Keywords: Transformer Query Sparsification Mechanism, Efficient End-to-End Object Detection
Abstract: DETR is the first end-to-end object detector using a transformer encoder-decoder architecture and demonstrates competitive performance but low computational efficiency. The subsequent work, Deformable DETR, enhances the efficiency of DETR by replacing dense attention with deformable attention, which achieves 10x faster convergence and improved performance. Using the multiscale feature to ameliorate performance, however, the number of encoder queries increases by 20x compared to DETR, and the computation cost of the encoder attention remains a bottleneck. We observe that the encoder queries referenced by the decoder account for only 45% of the total, and find out the detection accuracy does not deteriorate significantly even if only the referenced queries are polished in the encoder block.

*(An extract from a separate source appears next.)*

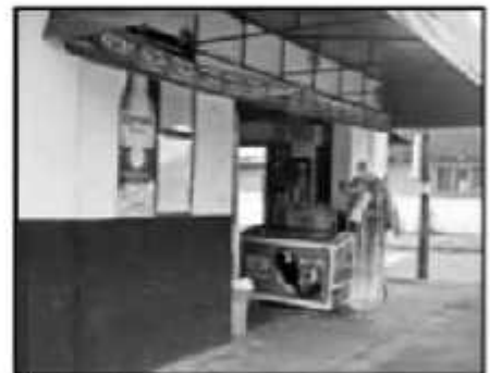
SI EL NIVEL DE VIOLENCIA PERMANECE, URUAPAN PUEDE CONVERTIRSE EN UNA CIUDAD CON POCO MOVIMIENTO.

Inspired by this observation, we propose Sparse DETR that selectively updates only the queries expected to be referenced by the decoder, thus help the model effectively detect objects. In addition, we show that applying an auxiliary detection loss on the selected queries in the encoder improves the performance while minimizing computational overhead. We validate that Sparse DETR achieves better performance than Deformable DETR even with only 10% encoder queries on the COCO dataset. Albeit only the encoder queries are sparsified, the total computation cost decreases by 38% and the frames per second (FPS) increases by 42% compared to Deformable DETR. Code will be released.
One-sentence Summary: Sparse DETR is an efficient end-to-end object detector that sparsifies encoder queries by using the learnable decoder attention map predictor. It achieves better performance than Deformable DETR even with only 10% encoder queries on the COCO dataset.